### Information provided:
_ _ _ _ _ _ _
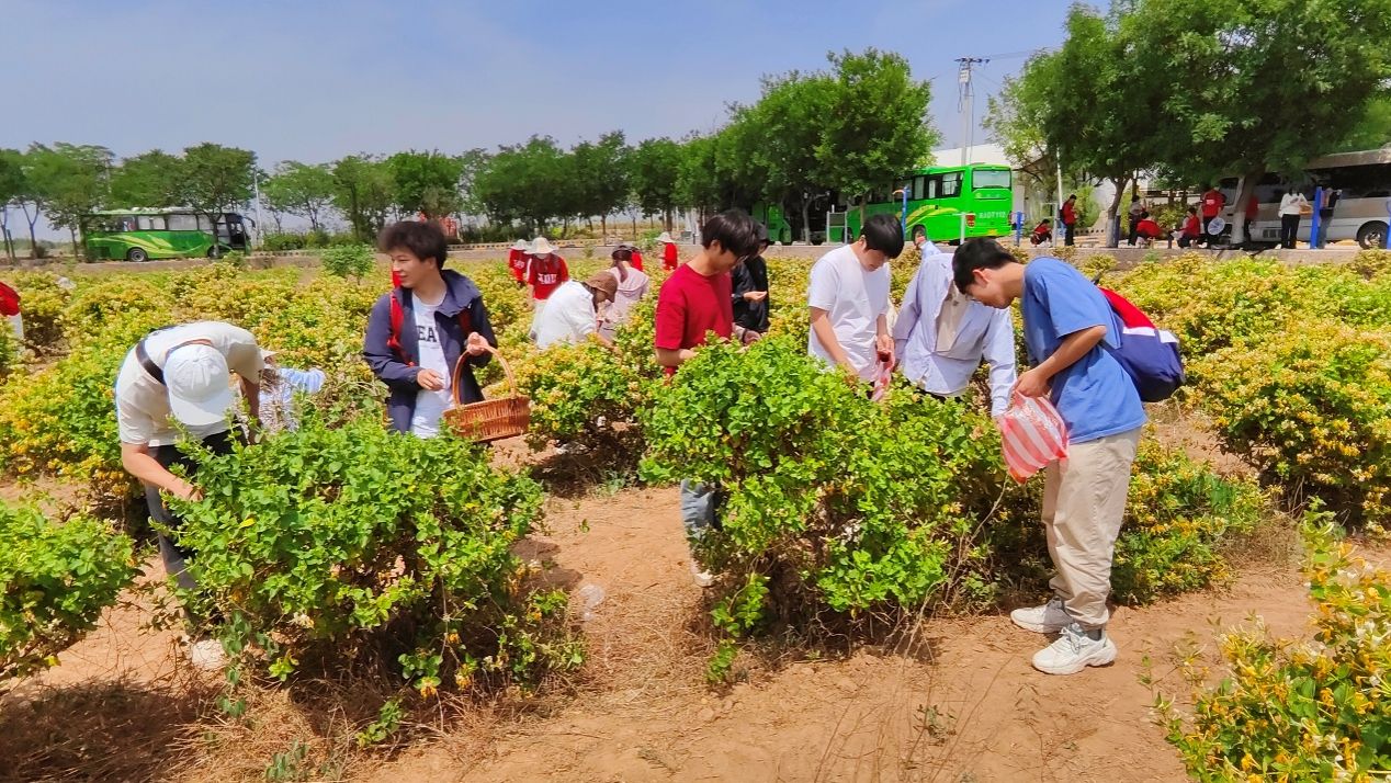 党委组织学生党员前往蒲城金银花采摘基地开展“汗水浇灌信仰 实干淬炼党性”劳动教育实践活动。
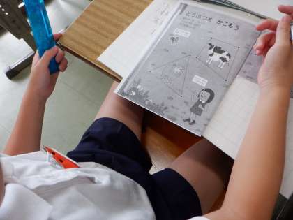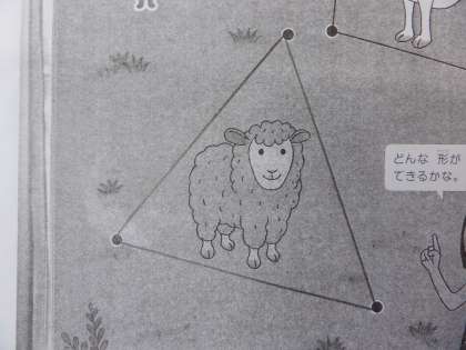 2年算数の学習です。絵の中の動物を、直線で囲んでいます。
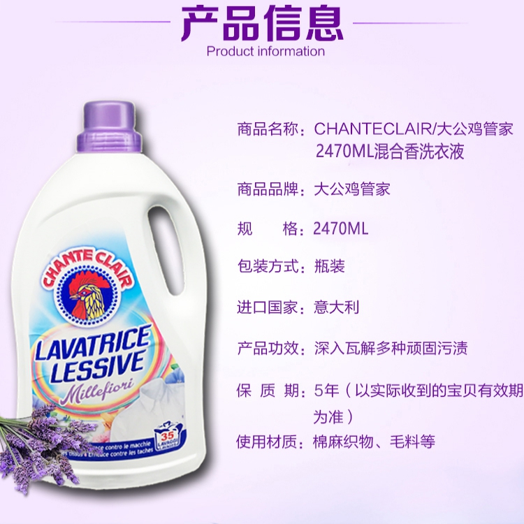 商品名称:意大利 大公鸡强效去污薰衣草洗衣液2470ml(包邮到店)
_ _ _ _ _ _ _
### Action item:
The expected output is exactly the lines from the one containing "2年算数の学習です。絵の中の動物を、直線で囲んでいます。" through the last line of the listing, both included, with every picture left out.

### Answer to this problem:
 2年算数の学習です。絵の中の動物を、直線で囲んでいます。
 商品名称:意大利 大公鸡强效去污薰衣草洗衣液2470ml(包邮到店)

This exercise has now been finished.